> [Exercise instructions] For this exercise, repeat exactly the lines below starting at the line holding "Serve this warm" and ending at the line holding "观看党纪学习教育警示教育片后的讲话", both included, with no extra lines and no pictures.

> [Data under study]
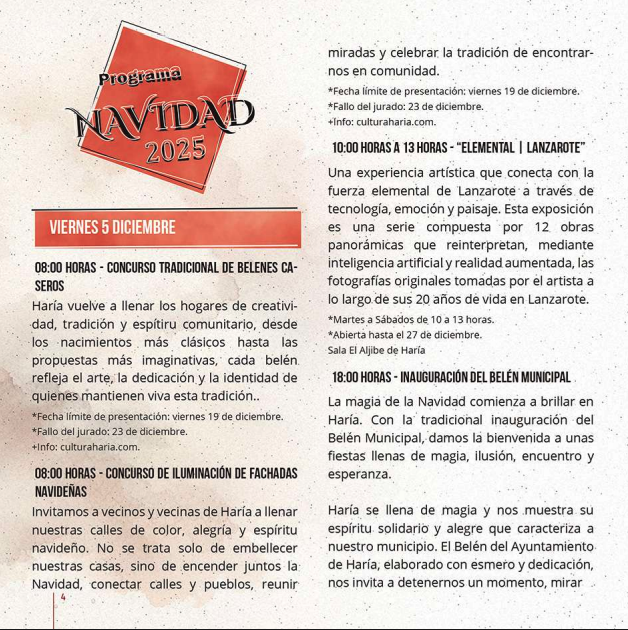 Here’s the festive event programme for the municipality of Haría in the North of Lanzarote.
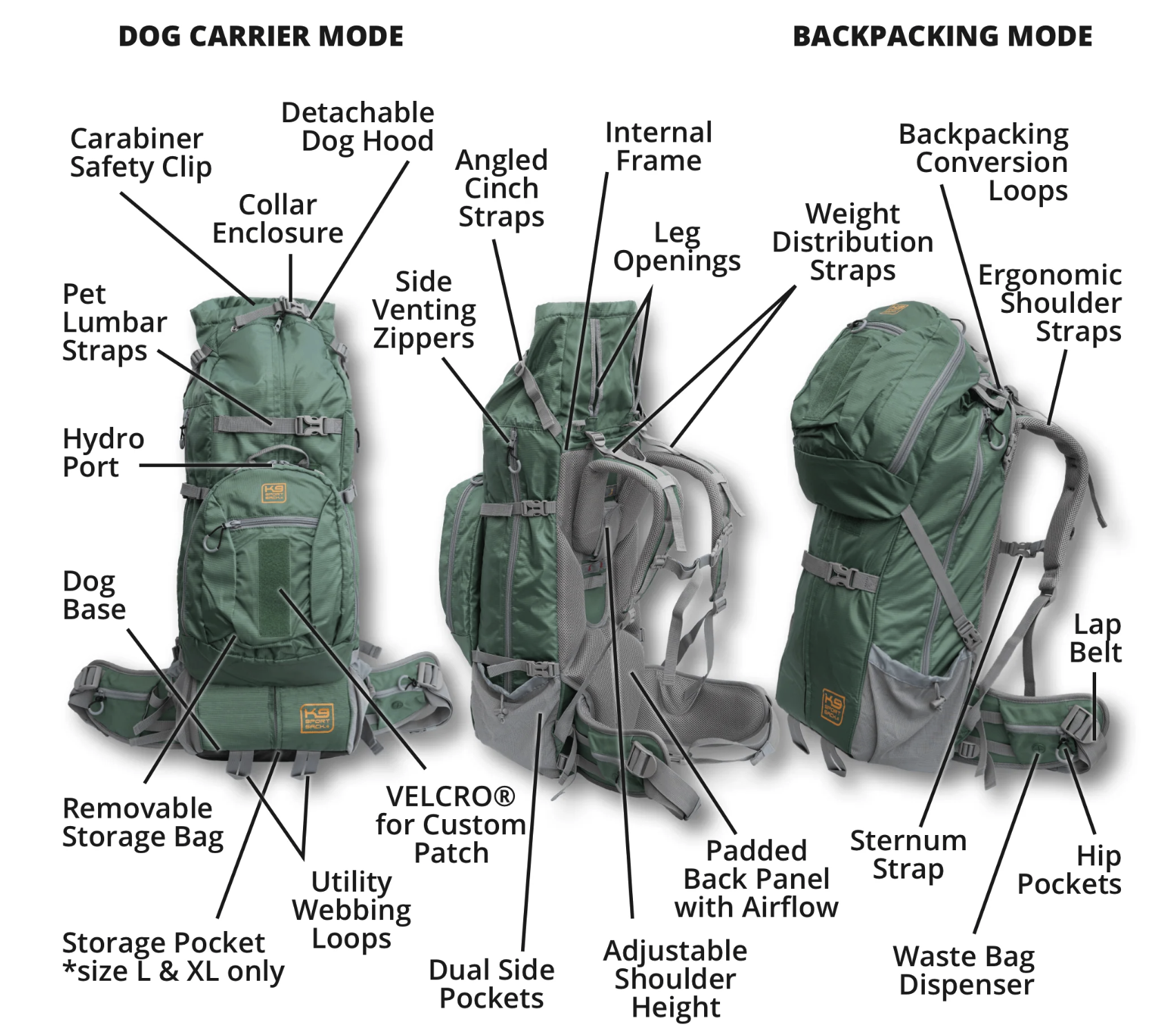 Tous les sacs de transport K9 Sport Sack sont spécialement conçus sous la supervision étroite de professionnels des animaux de compagnie, de vétérinaires, de dresseurs de chiens et d'ingénieurs spécialisés dans les produits de plein air, afin d'être ergonomiques, sûrs et résistants.
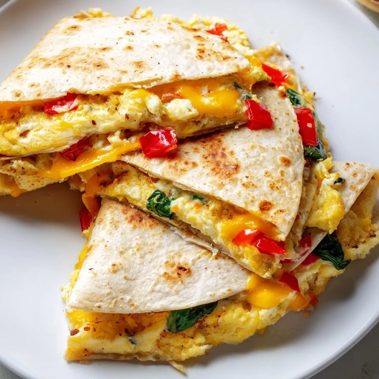 Serve this warm with a small bowl of salsa, sour cream, or guacamole on the side for dipping. The contrast between the hot, crispy quesadilla and cool, tangy toppings is part of why this feels restaurant-quality despite taking less time than brewing a second cup of coffee. It's hearty enough to carry you through a busy morning but light enough that you won't feel sluggish by mid-morning.
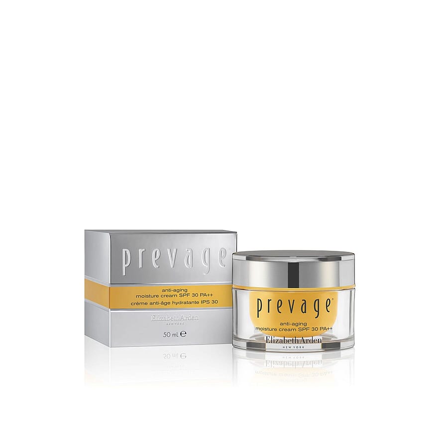 Nyt voit antaa iholle äärimmäisen apuvälineen, joka vähentää näkyvästi ja ehkäisee ryppyjä ja suojaa auringolta. PREVAGE® Day toimii yhdessä PREVAGE® Anti-aging Treatmentin kanssa ja tuottaa vieläkin selkeämmät ikääntymisen merkkejä torjuvat vaikutukset. Ihosi näyttää nuoremmalta ja terveemmältä. Kaikkien aikojen ensimmäinen kosteusvoide, jossa on sekä suuri aurinkosuojakerroin että mullistavaa ja tehokasta idebenoni-antioksidanttia.
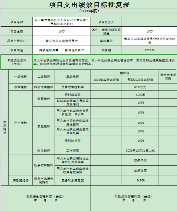 6)用人单位主要负责人和职业卫生管理人员职业卫生培训项目。预算经费10万元。2026年度项目绩效总目标是:用人单位职业病防治主体责任有效落实,用人单位的职业病危害检测率、劳动者职业健康检查及培训率、职业病危害项目申报率得到有效提高。产出指标:职业卫生管理人员职业卫生培训达100%,用人单位职业病危害因素检测、评价率和用人单位劳动者职业健康检查率申报率100%。效益指标:用人单位职业病防治主体责任有效落实、用人单位职工职业健康权益有效保障。满意度指标:服务对象满意度95%以上。
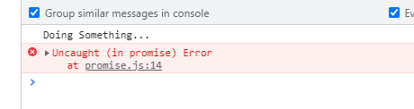 현재 promise.then()으로 성공적인 경우만 써줬기 때문에 Uncaught라고 뜬다.
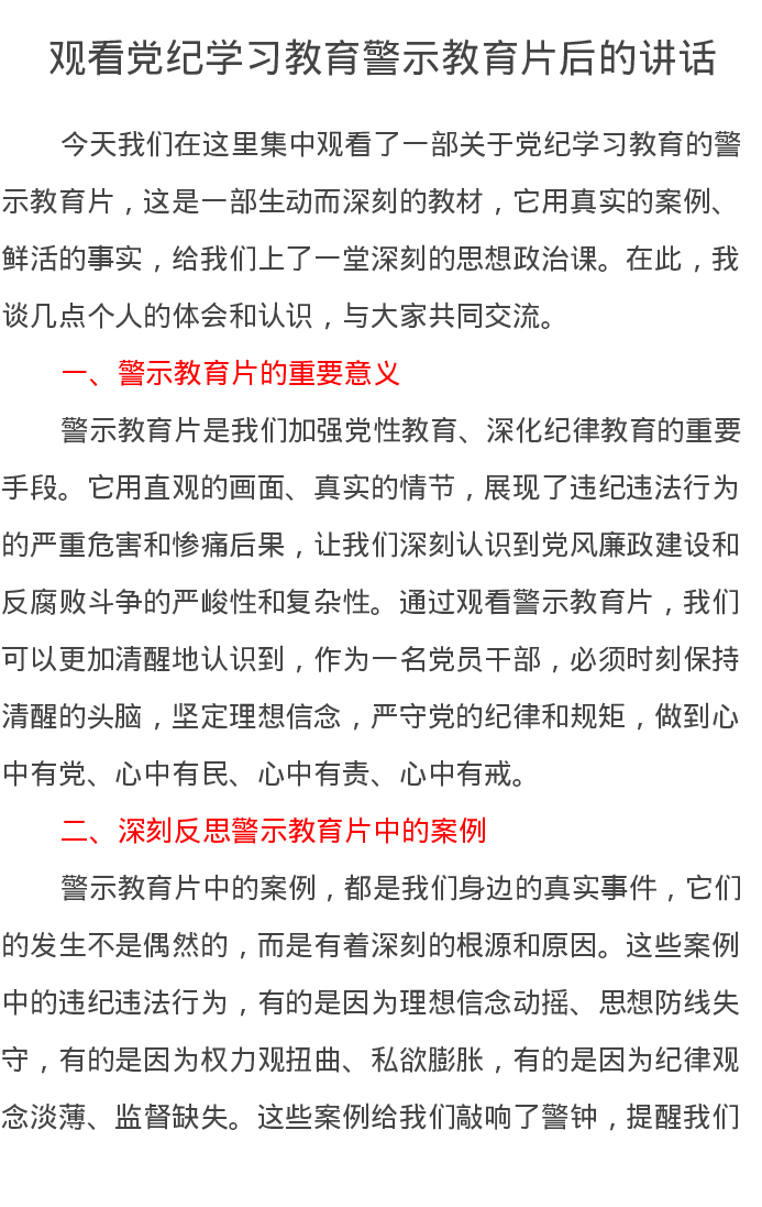 观看党纪学习教育警示教育片后的讲话
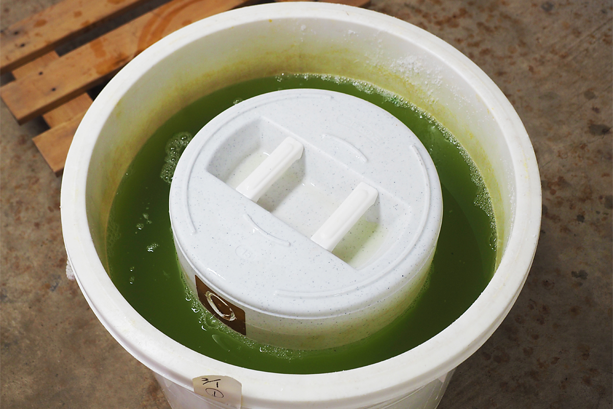 摘みたての茎は、すぐに大きな樽へ。塩だけでシンプルに漬け込みます。樽の中を覗かせていただくと、茎からあふれ出した緑色の水分が満ちていました。
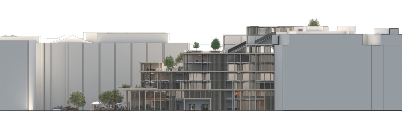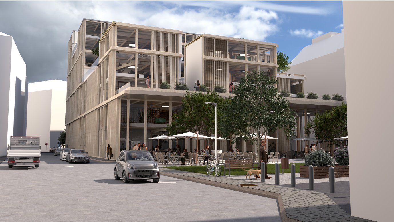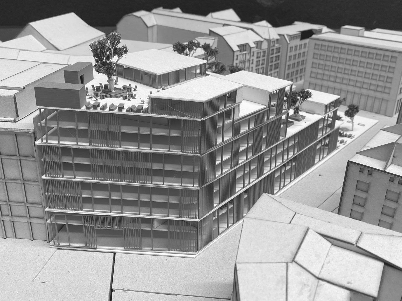 Die Entwurfsaufgabe bestand darin, mitten in der Innenstadt in München einen neuen Ort der Begegnung, der Gemeinschaft ohne Konsumzwang zu erschaffen, für Aufenthalt im Inneren wie auch im Freien. Zentrales Element ist eine Bibliothek und Mediathek, die aber eine neue inhaltliche räumliche Interpretation erfahren soll. Das für den Entwurf zur Verfügung stehende Grundstück wird bisher mit einem zentralen City-Parkhaus genutzt, wir verwenden in unserem Entwurf den Ort als neue Möglichkeit für München, einen kulturellen, offenen Begegnungs- und Gemeinschafts-Ort mit großer Strahlkraft für alle Bürger zu implementieren.
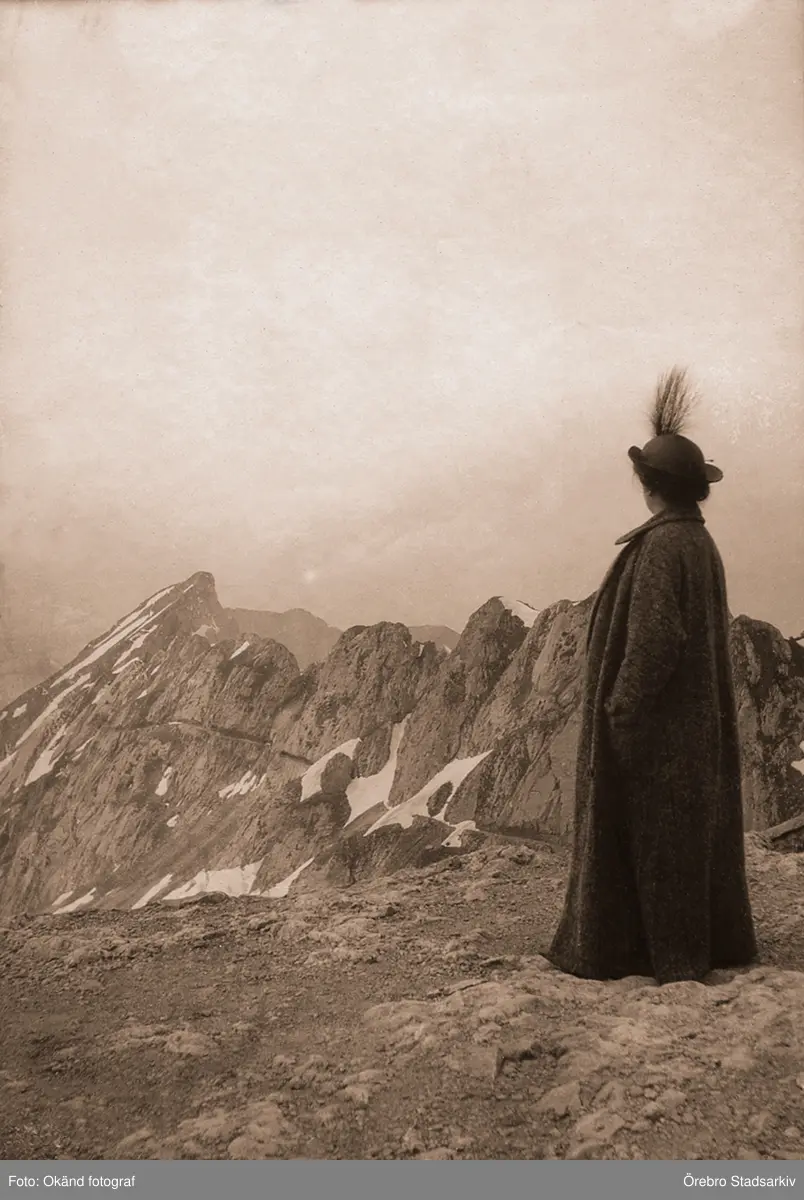 Äldre kvinna blickar ut över berg i Frankrike, 1919

> [Reply to the exercise]
 Serve this warm with a small bowl of salsa, sour cream, or guacamole on the side for dipping. The contrast between the hot, crispy quesadilla and cool, tangy toppings is part of why this feels restaurant-quality despite taking less time than brewing a second cup of coffee. It's hearty enough to carry you through a busy morning but light enough that you won't feel sluggish by mid-morning.
 Nyt voit antaa iholle äärimmäisen apuvälineen, joka vähentää näkyvästi ja ehkäisee ryppyjä ja suojaa auringolta. PREVAGE® Day toimii yhdessä PREVAGE® Anti-aging Treatmentin kanssa ja tuottaa vieläkin selkeämmät ikääntymisen merkkejä torjuvat vaikutukset. Ihosi näyttää nuoremmalta ja terveemmältä. Kaikkien aikojen ensimmäinen kosteusvoide, jossa on sekä suuri aurinkosuojakerroin että mullistavaa ja tehokasta idebenoni-antioksidanttia.
 6)用人单位主要负责人和职业卫生管理人员职业卫生培训项目。预算经费10万元。2026年度项目绩效总目标是:用人单位职业病防治主体责任有效落实,用人单位的职业病危害检测率、劳动者职业健康检查及培训率、职业病危害项目申报率得到有效提高。产出指标:职业卫生管理人员职业卫生培训达100%,用人单位职业病危害因素检测、评价率和用人单位劳动者职业健康检查率申报率100%。效益指标:用人单位职业病防治主体责任有效落实、用人单位职工职业健康权益有效保障。满意度指标:服务对象满意度95%以上。
 현재 promise.then()으로 성공적인 경우만 써줬기 때문에 Uncaught라고 뜬다.
 观看党纪学习教育警示教育片后的讲话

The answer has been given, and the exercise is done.